Assigned task: In your copy, each record should read exactly as it does below, and no pictures should be present.

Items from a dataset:
↓↓↓

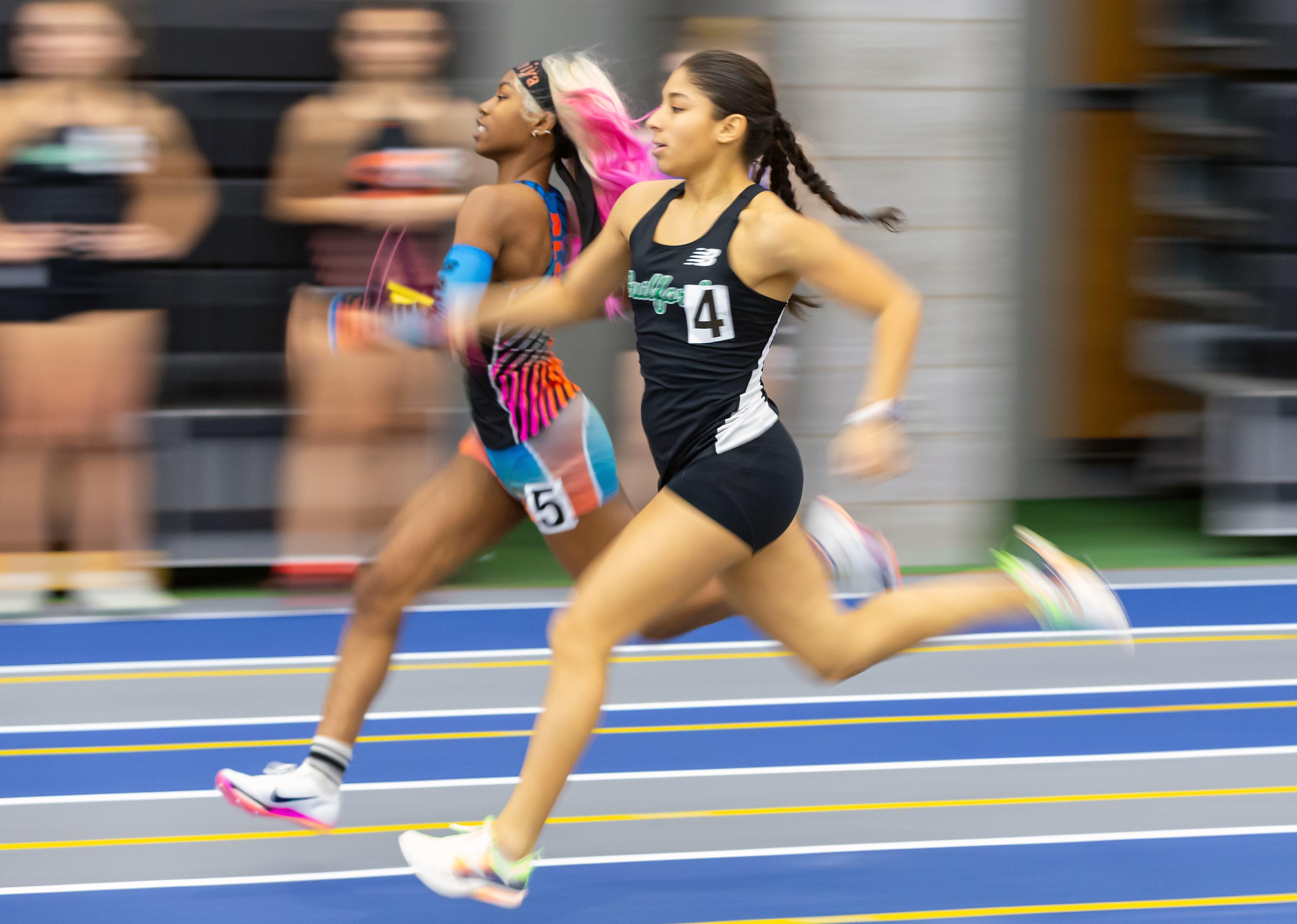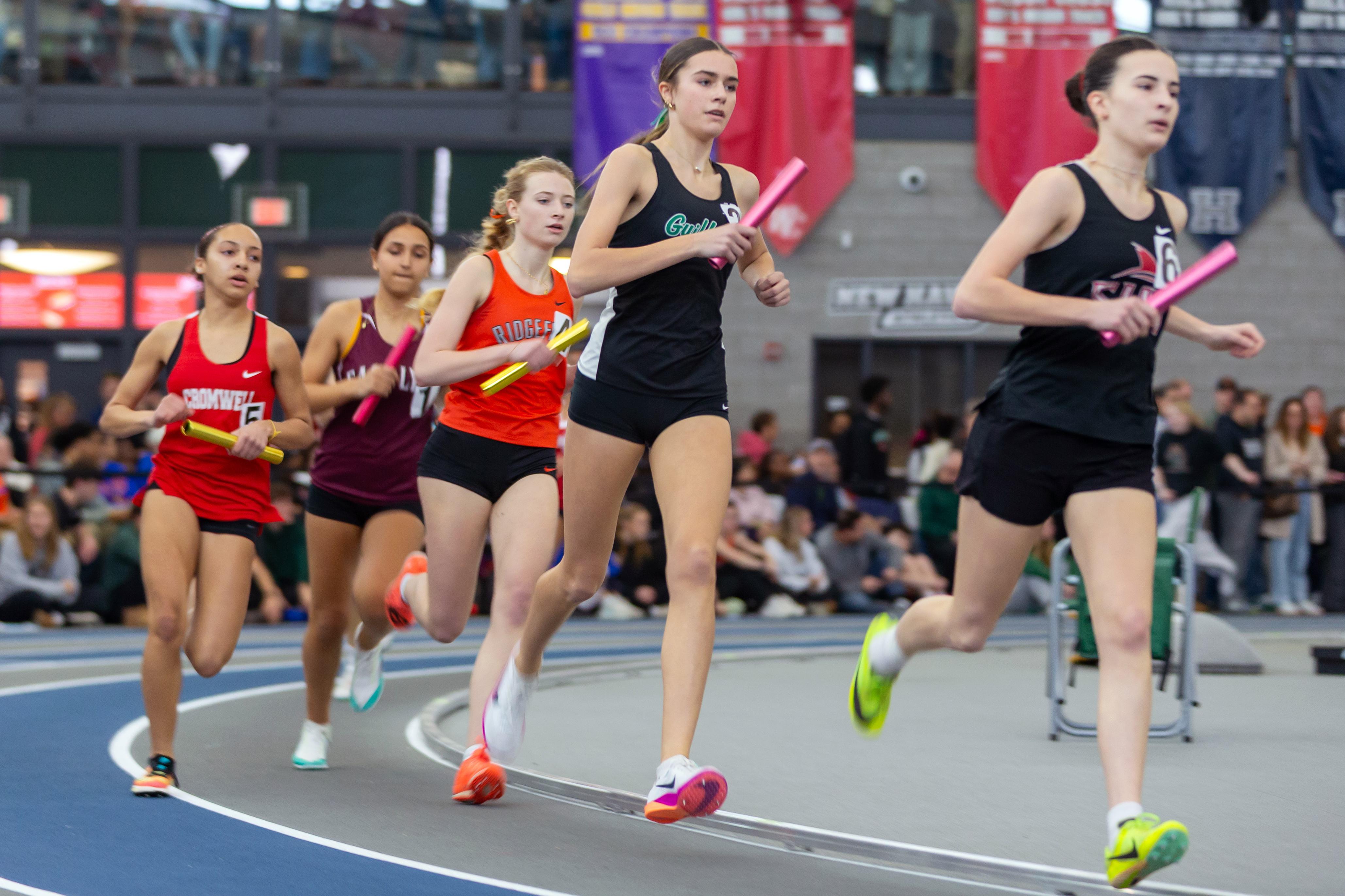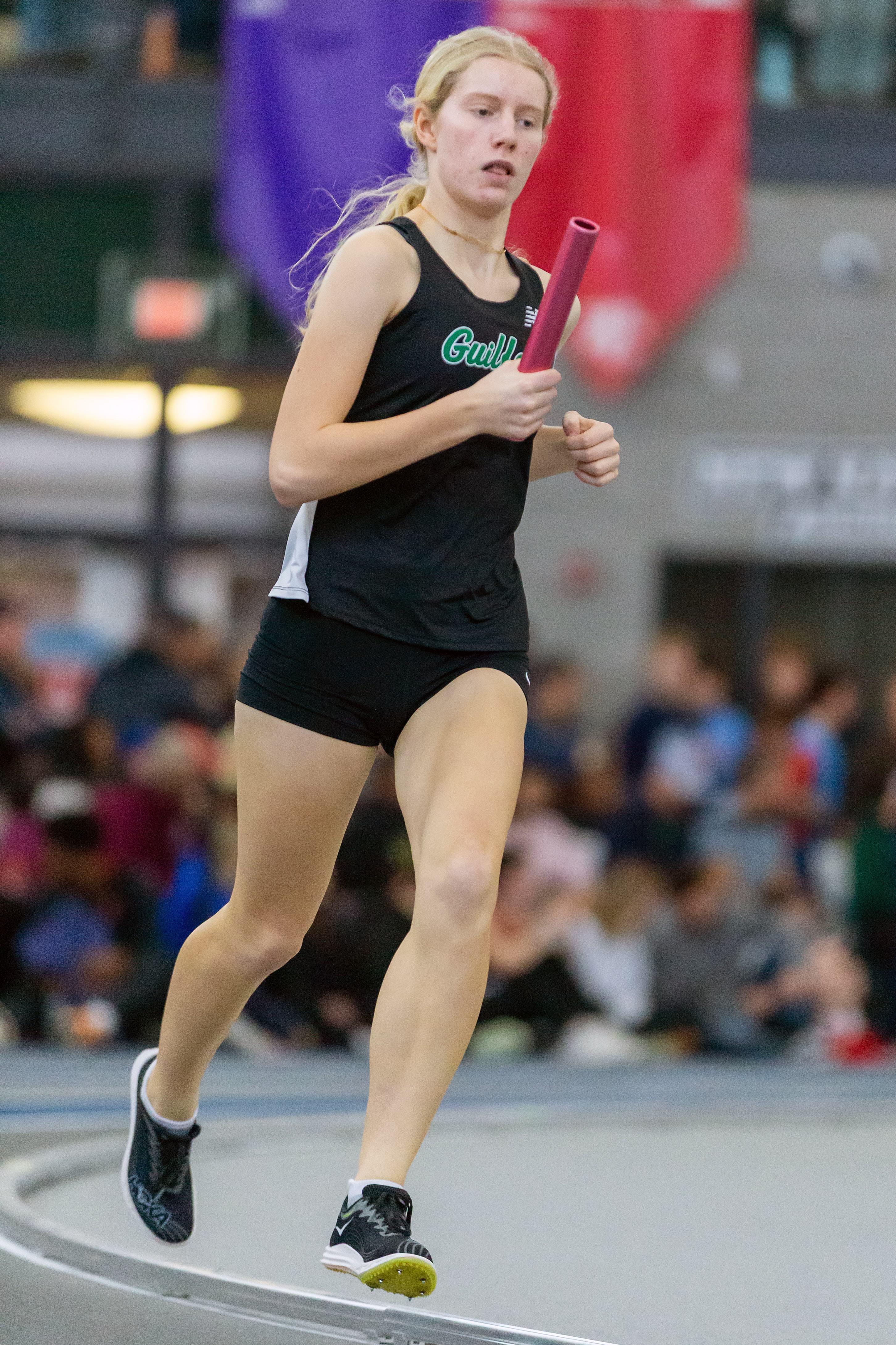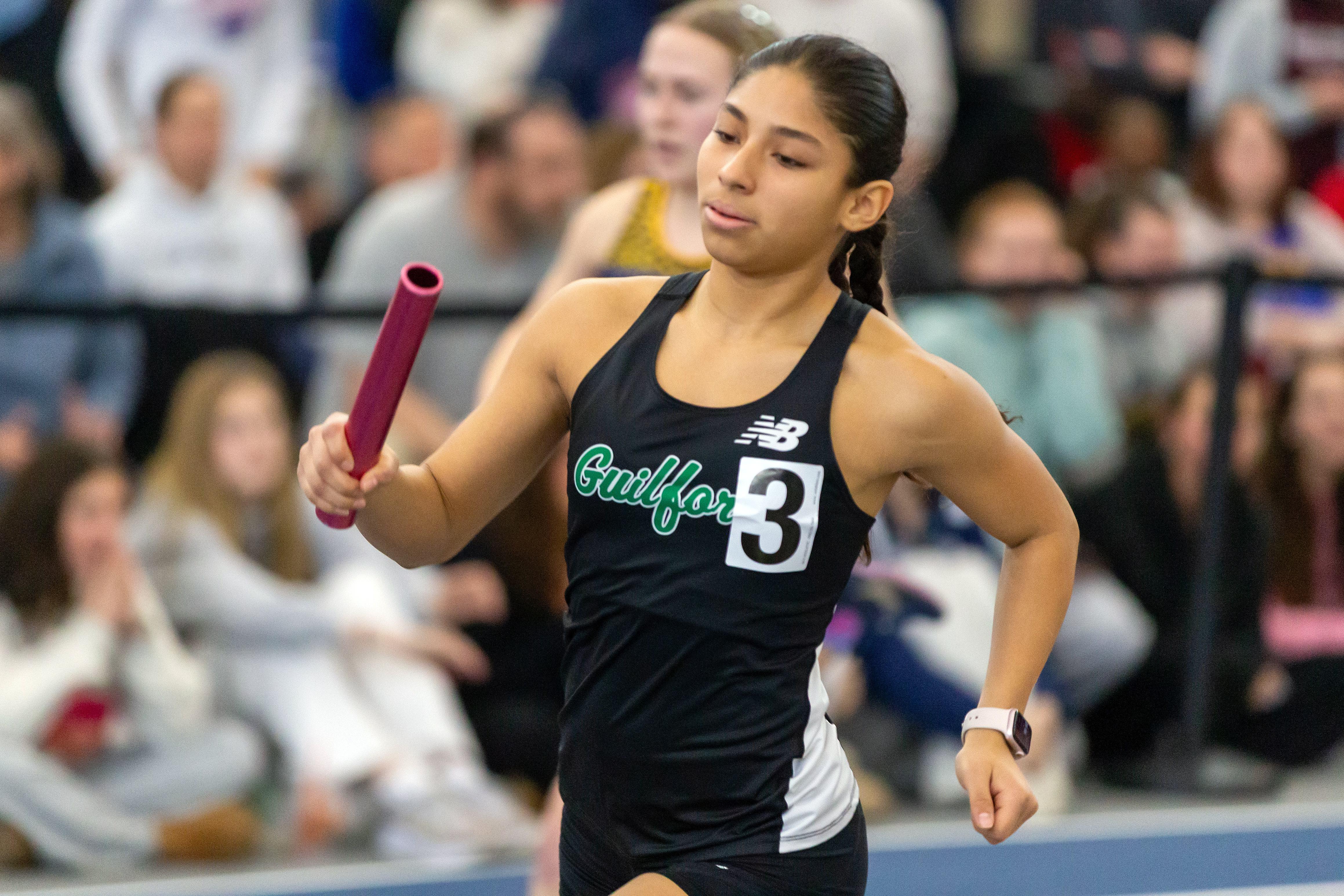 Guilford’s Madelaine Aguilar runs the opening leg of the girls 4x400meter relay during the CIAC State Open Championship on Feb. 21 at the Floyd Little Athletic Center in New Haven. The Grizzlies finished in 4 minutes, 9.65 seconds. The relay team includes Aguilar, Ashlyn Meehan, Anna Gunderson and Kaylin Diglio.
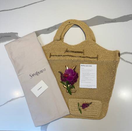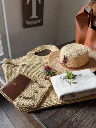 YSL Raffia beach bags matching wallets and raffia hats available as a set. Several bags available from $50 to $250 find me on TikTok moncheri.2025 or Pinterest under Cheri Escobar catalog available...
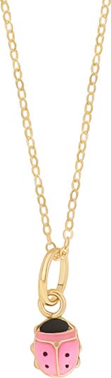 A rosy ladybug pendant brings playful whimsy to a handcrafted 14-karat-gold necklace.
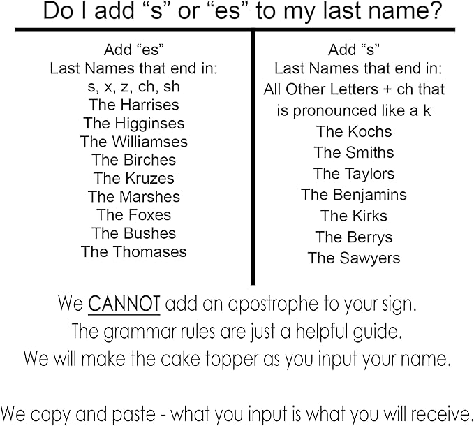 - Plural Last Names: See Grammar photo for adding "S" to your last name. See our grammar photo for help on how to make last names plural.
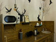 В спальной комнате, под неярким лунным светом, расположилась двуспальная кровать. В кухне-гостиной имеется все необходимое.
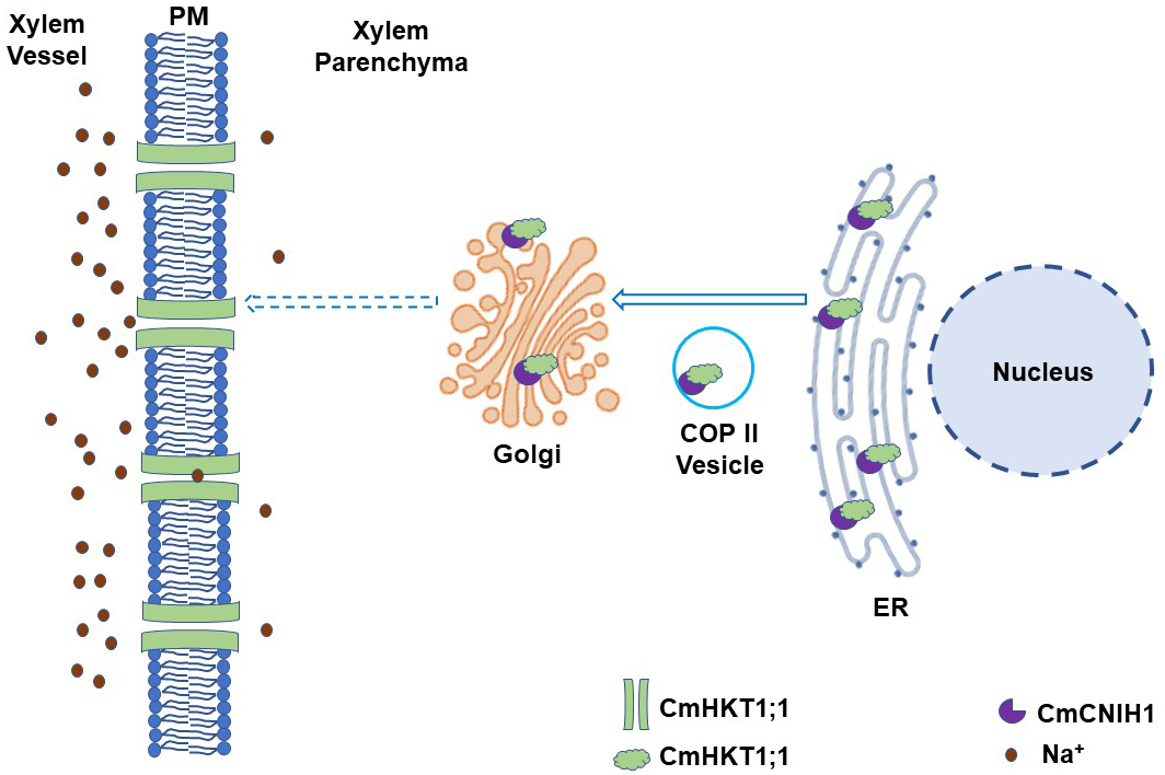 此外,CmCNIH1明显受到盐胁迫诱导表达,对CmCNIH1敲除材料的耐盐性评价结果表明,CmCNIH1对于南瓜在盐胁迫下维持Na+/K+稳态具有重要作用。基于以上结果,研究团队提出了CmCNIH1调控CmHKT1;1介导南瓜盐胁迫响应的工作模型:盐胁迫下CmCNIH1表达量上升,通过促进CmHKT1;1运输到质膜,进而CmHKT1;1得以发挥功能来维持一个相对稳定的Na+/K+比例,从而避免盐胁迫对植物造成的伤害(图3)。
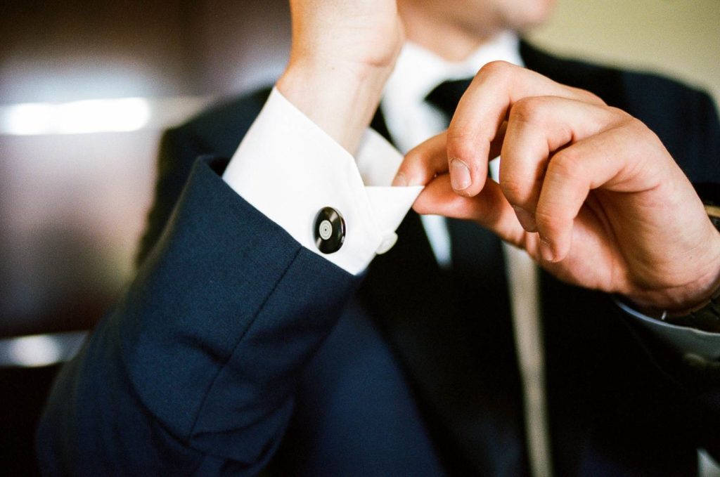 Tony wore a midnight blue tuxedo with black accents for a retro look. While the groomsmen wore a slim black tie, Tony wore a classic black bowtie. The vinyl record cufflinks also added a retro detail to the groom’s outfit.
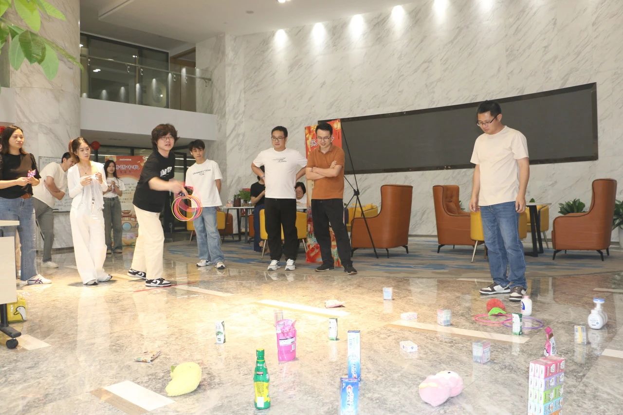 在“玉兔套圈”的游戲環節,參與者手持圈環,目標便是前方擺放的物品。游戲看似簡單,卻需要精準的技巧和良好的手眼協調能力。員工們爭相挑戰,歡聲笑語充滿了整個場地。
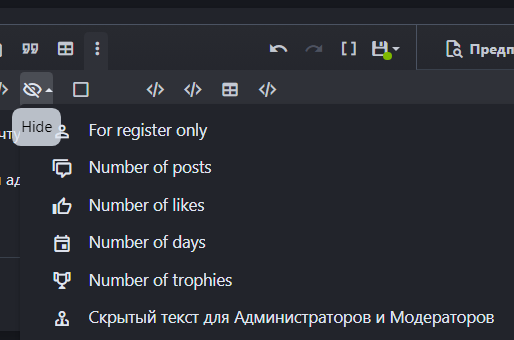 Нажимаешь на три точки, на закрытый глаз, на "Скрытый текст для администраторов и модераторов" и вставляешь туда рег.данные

↑↑↑

Solution below:
 Guilford’s Madelaine Aguilar runs the opening leg of the girls 4x400meter relay during the CIAC State Open Championship on Feb. 21 at the Floyd Little Athletic Center in New Haven. The Grizzlies finished in 4 minutes, 9.65 seconds. The relay team includes Aguilar, Ashlyn Meehan, Anna Gunderson and Kaylin Diglio.
 YSL Raffia beach bags matching wallets and raffia hats available as a set. Several bags available from $50 to $250 find me on TikTok moncheri.2025 or Pinterest under Cheri Escobar catalog available...
 A rosy ladybug pendant brings playful whimsy to a handcrafted 14-karat-gold necklace.
 - Plural Last Names: See Grammar photo for adding "S" to your last name. See our grammar photo for help on how to make last names plural.
 В спальной комнате, под неярким лунным светом, расположилась двуспальная кровать. В кухне-гостиной имеется все необходимое.
 此外,CmCNIH1明显受到盐胁迫诱导表达,对CmCNIH1敲除材料的耐盐性评价结果表明,CmCNIH1对于南瓜在盐胁迫下维持Na+/K+稳态具有重要作用。基于以上结果,研究团队提出了CmCNIH1调控CmHKT1;1介导南瓜盐胁迫响应的工作模型:盐胁迫下CmCNIH1表达量上升,通过促进CmHKT1;1运输到质膜,进而CmHKT1;1得以发挥功能来维持一个相对稳定的Na+/K+比例,从而避免盐胁迫对植物造成的伤害(图3)。
 Tony wore a midnight blue tuxedo with black accents for a retro look. While the groomsmen wore a slim black tie, Tony wore a classic black bowtie. The vinyl record cufflinks also added a retro detail to the groom’s outfit.
 在“玉兔套圈”的游戲環節,參與者手持圈環,目標便是前方擺放的物品。游戲看似簡單,卻需要精準的技巧和良好的手眼協調能力。員工們爭相挑戰,歡聲笑語充滿了整個場地。
 Нажимаешь на три точки, на закрытый глаз, на "Скрытый текст для администраторов и модераторов" и вставляешь туда рег.данные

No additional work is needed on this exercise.